Chief Justice of the Supreme Court of Pennsylvania
- In office 1930–1936
- Preceded by: Robert von Moschzisker
- Succeeded by: John W. Kephart

Justice of the Supreme Court of Pennsylvania
- In office 1915–1930

Personal details
- Born: September 18, 1849 Fayette City, Pennsylvania
- Died: July 31, 1936 (aged 86) Pittsburgh, Pennsylvania
- Party: Republican
- Spouse: Loretta Gilfillan
- Alma mater: Western University of Pennsylvania

= Robert S. Frazer =

American judge (1849–1936)

Robert Sellers Frazer (September 18, 1849 – July 31, 1936) was a justice of the Supreme Court of Pennsylvania from 1915 to 1930 and chief justice from 1930 to 1936.

==Biography==
Robert S. Frazer was born on September 18, 1849, in Fayette City, Pennsylvania, to Caleb and Sarah Baker Frazer. Early in his childhood, he moved with his family to Johnstown, Pennsylvania. He attended the Western University of Pennsylvania in Pittsburgh and studied law. He served in the Pennsylvania House of Representatives as a Republican from 1877 to 1879 and entered private law practice until being elected to the Allegheny County Court of Common Pleas in 1896. He was re-elected as judge of the Court of Common Pleas in 1906 after becoming president judge on November 5, 1900.

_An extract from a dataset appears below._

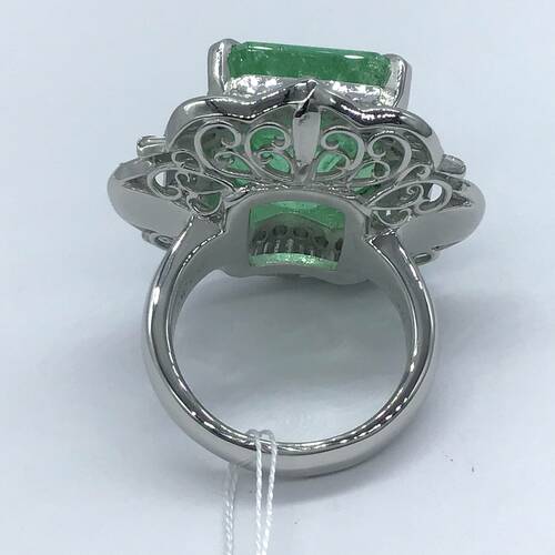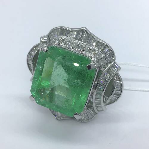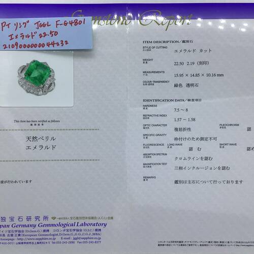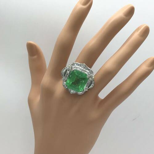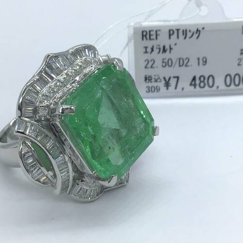 エメラルドが驚きの22.50キャラットとダイヤモンドも豊富に施された重量感、存在感のあるリングです。鑑定書付き。
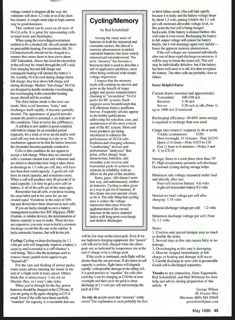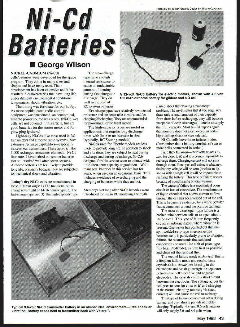 Ni-Cd Ba lie des U George Wilson NICKEL-CADMIUM Ni-Cd cells/batteries developed space program come sizes shapes have uses development has extensive has resulted cells/batteries have long life under difficult environmental conditions temperature shock vibration etc timing fortunate hobby As more-sophisticated radio control equipment introduced economical reliable power source ready Ni-Cd wet cells covered article good batteries starter motor glow plug igniters Light-duty Ni-Cds like used RC transmitters airborne radio systems have extensive recharge capabilitiesespecially transmitters approach 1000 recharges sometimes claimed Ni-Cd literature have retired transmitter batteries still worked well after seven seasons Airborne batteries less likely provide long life primarily because subjected mechanical shock vibration Todays dry Ni-Cd cells manufactured three different ways 1 traditional slowcharge overnight 14-16 hours type 2 fast-charge type 3 high-capacity type slow-charge type have enough internal resistance cause undesirable amount heating during fast charge discharge well role RC system batteries Fast-charge types have relatively low internal resistance better able withstand fast charging/discharging recommended powering Electric flight motors high-capacity types useful applications require long discharge times little no increase size typically RC Soaring models Ni-Cds used Electric models less likely provide long life addition shock vibration subject heat during discharge during overcharge Ni-Cds designed service seem operate little short-term capacity degradation Well managed batteries service last years used occasional basis includes avoidance overcharging charging batteries hot Memory long after Ni-Cd batteries introduced use RC modeling myth tho o,thnr rnnhin floninn hulill Ann ted about having memory problem myth states regularly draw small amount capacity before recharging will become incapable deep dischargesunable supply full capacity Most Ni-Cd experts agree memory does exist except certain high-tech applications see sidebar Ni-Cd cells have three failure modes Remember battery consists two cells connected series First fail opentheir voltage goes zero close it becomes impossible recharge Charging current will pass through open cell exists battery battery voltage will zero close single cell will impossible recharge battery type failure occurs because overcharging total wearout cause failure mechanical open circuit loss electrolyte small amount liquid chemical allows current flow through cell has vented out cell frequently evidenced white powder accumulates around positive tenninal obvious open-type failure broken wire between cells open circuit inside cell type failure frequently occurs airborne packs vibration present writer has pointed out spot-welded strip-type interconnection between cells particularly prone vibration failure recommends soldered connections used Use bit paste-type flux eg NoKrode little heat possible clean off residual flux second failure mode shorted frequent failure mode results crystals aka dendrites forming electrolyte passing through separator between cells positive negative electrodes crystals cause short circuit between electrodes voltage across cell goes zero close charging normal charging rate say /io rated current will cause cell recharge type failure occurs often during storage during periods tricklecharging Typically 48- 96-volt batteries will supply 36 84 volts May 1998 43 12-volt Ni-Cd battery electric motors shown 48-volt 100 mAh airborne battery gliders D cell Typical 96-volt Ni-Cd transmitter battery almost ideal environmentlittle shock vibration Battery cases held transmitter back Velcrot0 discharging shorted cell will produce no voltage will allow current flow through Note charged battery eight fewer cells shorted cell produces less voltage allowable minimum 11 volts per cell have methods used fix shorted Ni-Cd cells Most experts agree cell has shorted internally has fixed cell should used critical applications Use flashlight never alrborne RC system Shorted cells have traditionally fixed charging large capacitor several thousand microfarads 10 12 volts discharging plus-to-plus across shorted cell usually clears short cell will act normally thereafter favorite method use currentcontrolled bench power supply has voltmeter ammeter current llmiting cell placed across supply plus-to plus current through increased until voltage across jumps up 12 volts voltage increased watching current After reaching 5 10 amperes CONSTANT-CURRENT DISCHARGE CIRCUIT 24ohm 100 1v ohm ww set 20 ohm Wv fine set circuit useful determine battery cells capacity After fully charging battery cell set discharge current batterys nominal discharge value time long takes battery cell discharge 11 volts per cell discharge time hours times discharge current milliamperes mA will batterys capacity milliampere-hours discharge current measured using milliammeter multimeter set appropriate scale set using variable resistor shown circuit 24 ohm resistor sets maximum current about 300 mA minimum current will less 10 mA variable resistor should rated watt preferably will wire-wound type cannot find resistor values Radio Shack RS can supply substitutes LM 317 IC number 276-1778 24 ohm resistor can made five 10 ohm resistors RS 271-1301 parallel variable resistor can made using four 22 ohm resistors RS 271-1103 wired series switched multiposition switch RS 275-1386 20 ohm variable resistor RS 271-265A fine adjustment See circuit diagram Some transmitters use diode series charging circuits prevent reverse polarity connection charger cases discharger circuit must connected before diode will necessary open transmitter case get proper connection point Use care light cost automatic discharge/charge devices home-brew discharger may well worth effort 44 Model Aviation AA cells constitute 48-volt airborne Ni-Cd battery Five cells would increase servo powerand battery drain CONSTANT CURRENT L

Frazer served on the Allegheny County Court of Common Pleas until his election to the Supreme Court of Pennsylvania in 1914. He served as an associate justice from 1915 to 1930, before becoming chief justice in 1930, serving until 1936. He died on July 31, 1936, in Pittsburgh, Pennsylvania.

Frazer held honorary LL.D. degrees from the University of Pittsburgh, Lafayette College and Temple University. He also served as president of the Elizabeth Steel Magee Hospital, a position he held at the time of his death.